Cube Edge detection

I am trying to get the edges of a cube in the image below using the Hough transform in the Scikit-Image library original image.

Update Here is the code I am working with:

smoothed_image = filters.frangi(gray_image)

# Perform edge detection using the Canny edge detector
low_threshold = 0.1  
high_threshold = 3  
low_threshold = low * smoothed_image.max()
high_threshold = high * low_threshold
edges = canny(smoothed_image, sigma, low_threshold=low_threshold,

# Hough transform to detect the filament profile
hspace, theta, dist = hough_line(edges)

# Find the vertical lines
vertical_peaks = hough_line_peaks(hspace, theta, dist, num_peaks=2)

vertical_lines = []

for _, angle, dist in zip(*vertical_peaks):
    x = dist * np.cos(angle)
    y = dist * np.sin(angle)
    vertical_lines.append((x, y))

# Visualize the results
fig, axes = plt.subplots(1, 3, figsize=(15, 5))
axes[0].set_title('Smoothed Image')
axes[1].imshow(edges, cmap='gray')
axes[1].set_title('Canny Edge Detection')
axes[2].imshow(edges, cmap='gray')
for x, y in vertical_lines:
    axes[2].axvline(x=x, color='red')
axes[2].set_xlim((0, image.shape[1]))
axes[2].set_ylim((image.shape[0], 0))
axes[2].set_title('Detected Lines')

And this is the resulting output Output

Any ideas on how to make the Hough transform detect the other edge?

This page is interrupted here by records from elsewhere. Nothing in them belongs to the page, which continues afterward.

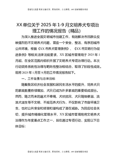 XX单位关于2025年1-9月文明养犬专项治理工作的情况报告(精品).docx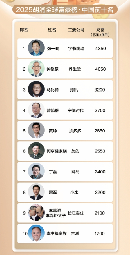 《2025胡润全球富豪榜》公布:张一鸣成中国新首富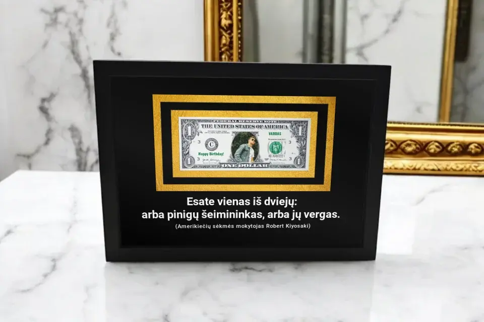 3D rėmelis su pinigais – tai moderni ir kūrybiška interjero detalė, kurioje eksponuojama tikroviška pinigų imitacija arba su pinigais susijusi simbolika. Šis rėmelis išsiskiria gylio ir dimensijos pojūčiu, sukurtu 3D dizaino technologijomis, todėl atrodo itin realistiškai ir traukia dėmesį.

  • As suggested by @Pete "Mask out the tube" as it is occluding the cube, and adjust the parameters:

    1. Canny parameters
    2. Gaussian Filter parameters
    3. Hough Line detector parameters

    so you can detect the other edge.

    P.S: I used OpenCV, but you might repeat the results using Scikit Image

    #!/usr/bin/env python3
    import cv2 
    import numpy as np 
    import matplotlib.pyplot as plt 
    im_path = "cube.png"
    img = cv2.imread(im_path)
    # Convert the img to grayscale
    gray = cv2.cvtColor(img, cv2.COLOR_BGR2GRAY)
    # Gaussian Filter
    k = 5
    sigma = 0
    gauss = cv2.GaussianBlur(gray,(k,k),sigma)
    # Apply edge detection method on the image
    edges = cv2.Canny(gauss, 50, 150, apertureSize=3)
    # Remove unwanted tube
    sum_ = np.sum(edges, axis=1)
    mean_ = np.mean(sum_)
    edges[sum_> mean_, :] = 0
    # This returns an array of r and theta values
    lines = cv2.HoughLines(edges, 1, np.pi/180, 150)
    # The below for loop runs till r and theta values
    # are in the range of the 2d array
    for r_theta in lines:
        arr = np.array(r_theta[0], dtype=np.float64)
        r, theta = arr
        # Stores the value of cos(theta) in a
        a = np.cos(theta)
        # Stores the value of sin(theta) in b
        b = np.sin(theta)
        # x0 stores the value rcos(theta)
        x0 = a*r
        # y0 stores the value rsin(theta)
        y0 = b*r
        # x1 stores the rounded off value of (rcos(theta)-1000sin(theta))
        x1 = int(x0 + 1000*(-b))
        # y1 stores the rounded off value of (rsin(theta)+1000cos(theta))
        y1 = int(y0 + 1000*(a))
        # x2 stores the rounded off value of (rcos(theta)+1000sin(theta))
        x2 = int(x0 - 1000*(-b))
        # y2 stores the rounded off value of (rsin(theta)-1000cos(theta))
        y2 = int(y0 - 1000*(a))
        # cv2.line draws a line in img from the point(x1,y1) to (x2,y2).
        # (0,0,255) denotes the colour of the line to be
        # drawn. In this case, it is red.
        cv2.line(img, (x1, y1), (x2, y2), (0, 0, 255), 2)
    cv2.namedWindow("output", cv2.WINDOW_NORMAL)
    cv2.imshow("output", img)

    enter image description here